If you use a spousal trust in your will, probate fees will be payable on the assets in your estate, but if your assets pass outside your estate, such as in a trust created and in effect during your lifetime, the probate fees can be avoided on those assets. As well, assets passing in a trust created by a will are subject to challenge under the wills variation legislation in BC, but assets passing outside your estate through a trust created in your lifetime are not subject to challenge, except in limited circumstances.
Alter Ego and Joint Partner Trusts
If you are over 65 and a Canadian resident, you can put your assets in a joint partner trust or alter ego trust, without triggering capital gains tax on the disposition of the assets to the trust. During your lifetime (and that of your spouse in the case of a joint partner trust (JPT)), only you (and your souse in a JPT) can have the use of the income and capital of the trust.

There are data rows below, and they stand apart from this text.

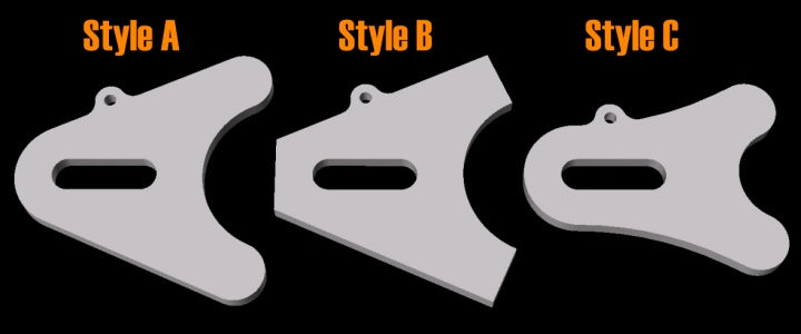 The axle plates come in three styles: A, B, and C, and all are available with 17mm, 20mm, 3/4", or 1" / 25mm slots. See Axle Plates
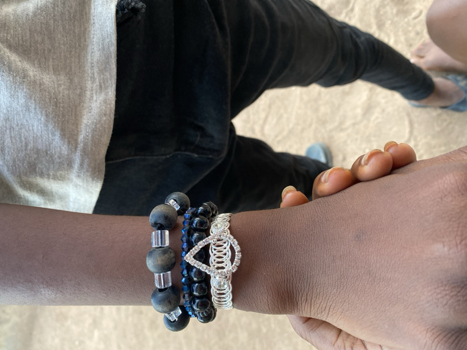 The scene is set outdoors on sandy, light-brown ground in Idiroko, Nigeria. The image focuses on two individuals, primarily showing their hands and lower bodies. In the lower left foreground, a dark-skinned hand, with fingernails exhibiting an orange-brown tint, firmly grasps the lower forearm of a second individual. This second individual, also dark-skinned, wears a stack of four bracelets on their forearm: the top bracelet features large dark beads separated by clear cylindrical beads; the second consists of small, faceted dark blue beads; the third is composed of small, dark, spherical beads; and the bottom bracelet is a wide, silver-toned cuff with a braided pattern, adorned with a teardrop-shaped element encrusted with clear stones. The second individual's attire consists of a light-colored (likely grey or off-white) t-shirt and dark-colored (likely black) pants. Their feet are visible on the ground; one foot wears a blue sandal, and the other appears bare or minimally covered.
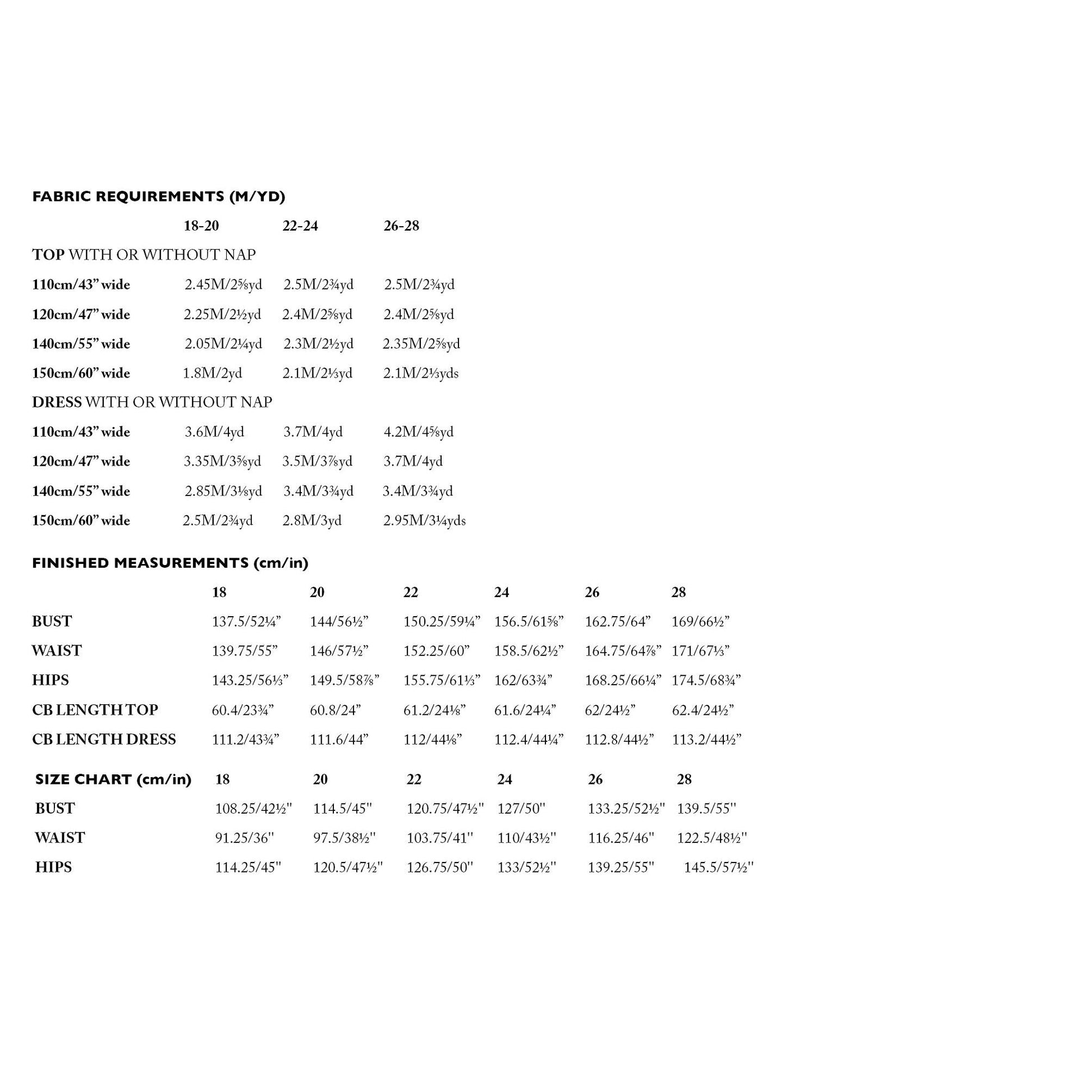Sizes: 18 - 28 included; Bust: 42.5" - 55", Waist: 36" - 48.5"
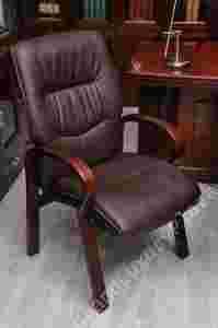 Profesjonalny drewniany fotel konferencyjny tapicerowany skórą ekologiczną w kolorze brązowym.
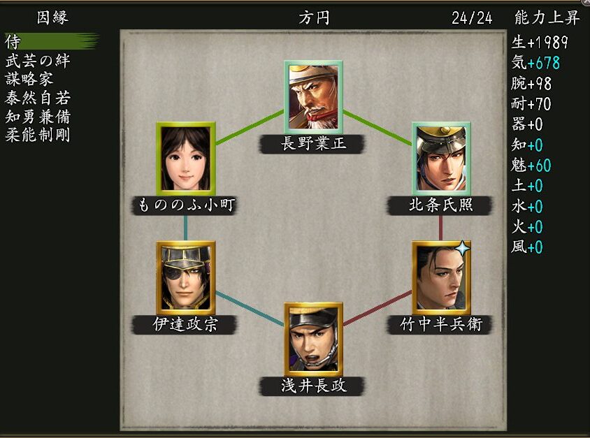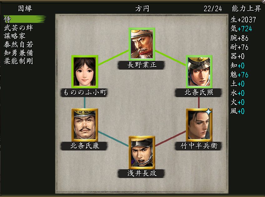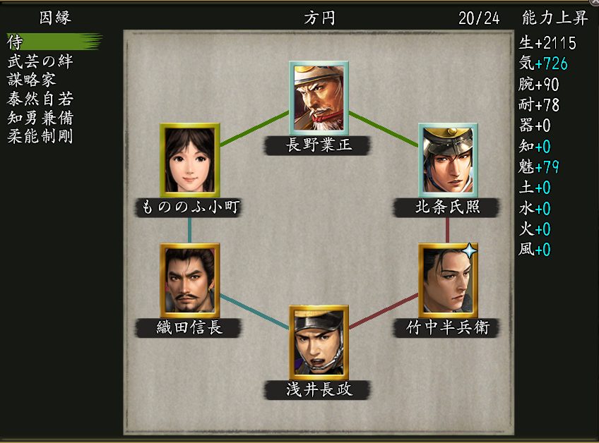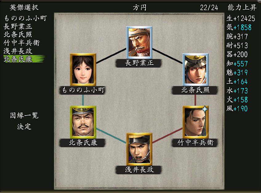 「武芸」「野心家」の因子持ちの北条氏康&織田信長と交代可能で、長期でインされている方や無課金や微課金の方が冥宮登っている内に組めそうな因縁6の陣法で、おすすめです👍
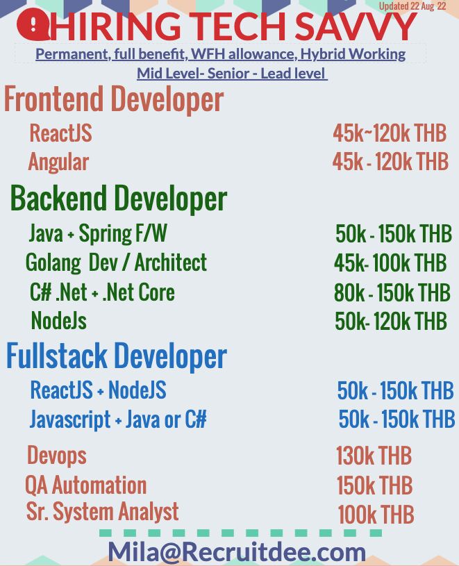 ตามนี้ครับ ที่ไทยคนเก่งๆได้ 100k - 200k อายุ 30-40 โบนัส fixed 1 เดือน + 3 เดือน
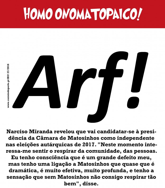 NOTÍCIA: Narciso Miranda revelou que vai candidatar-se à presidência da Câmara de Matosinhos como independente nas eleições autárquicas de 2017. “Neste momento interessa-me sentir o respirar da comunidade, das pessoas. Eu tenho consciência que é um grande defeito meu, mas tenho uma ligação a Matosinhos que quase que é dramática, é muito efetiva, muito profunda, e tenho a sensação que sem Matosinhos não consigo respirar tão bem”, disse. Homo Onomatopaico: Arf!
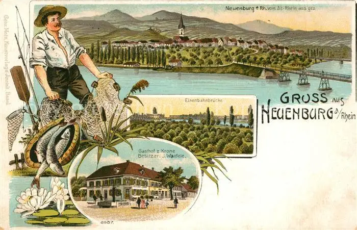 Neuenburg Rhein Kategorie Alte Ansichtskarten Postkarten bx56292 Neuenburg_Rhein Gasthaus Krone Eisenbahnbruecke Neuenburg Rhein postalisch gelaufen Erhaltung siehe scans [NatalD47]
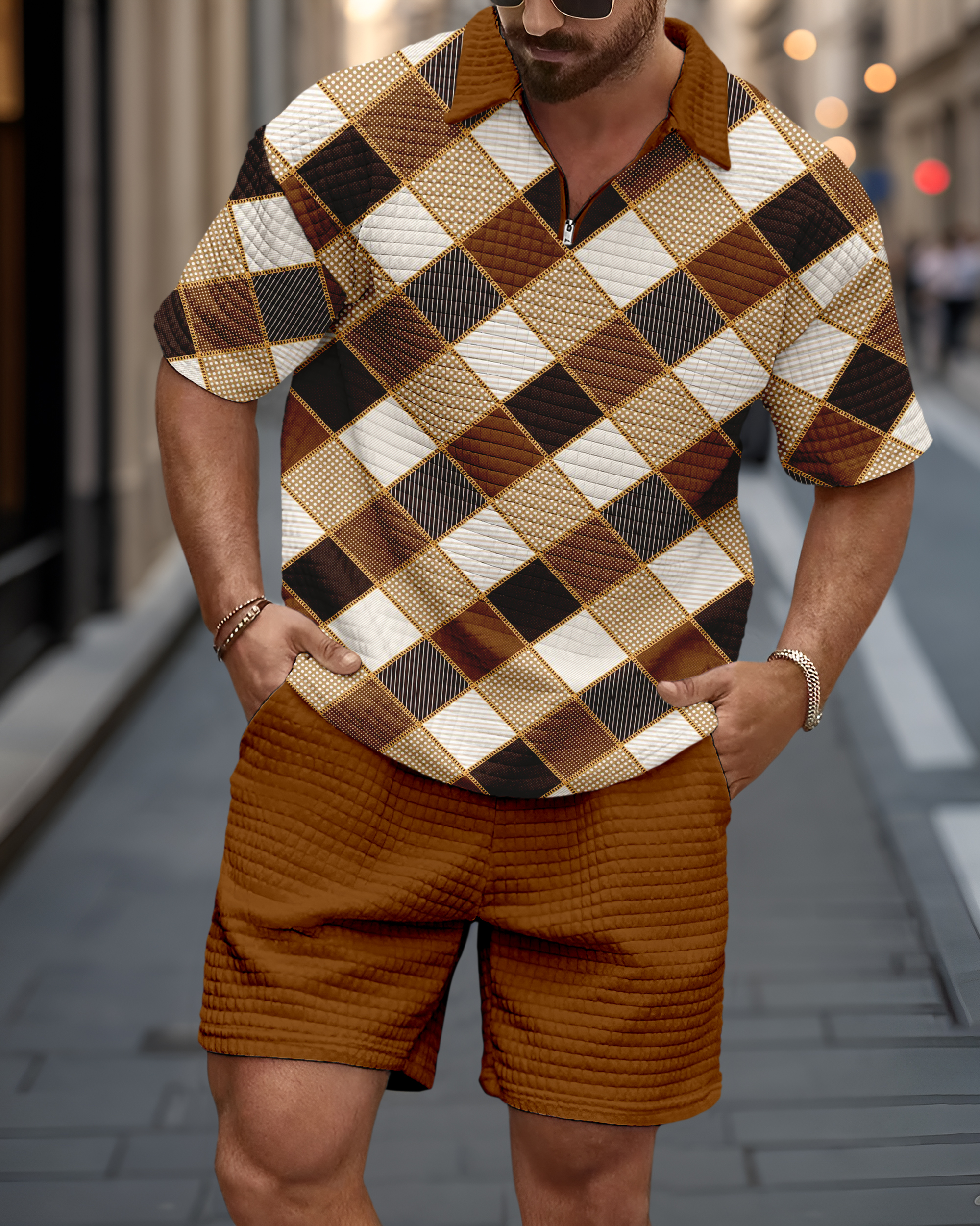 Men's casual waffle texture summer Polo Set 032

If you are wanting to preserve capital for your children after the death of your spouse, a good tool to use for both probate fee planning, and avoidance of claims against your estate is an alter ego trust which contains a spousal trust for your spouse during their lifetime and a gift over to your children of the capital on the death of your spouse. This can be the best tool for a number of reasons, if you qualify on age and residency, but you need to get tax advice to be sure it will work with the types of assets you own.
Cohabitation and Marriage Agreements
Marriage and cohabitation agreements are an effective way to prescribe the division of assets on a separation or death. To be enforceable, there must be full financial disclosure of all assets and liabilities of the parties, and each party must get independent legal advice. The agreements can specify what is to be provided in an estate for the spouse and each party’s own family. The agreement must be fair at the time a court is considering it, in order to avoid a variation of the terms of the agreement by the court.
In considering the above tools and creating your estate plan, be sure to get advice from a lawyer experienced in estate planning to be sure your plan will work to protect your spouse and your children.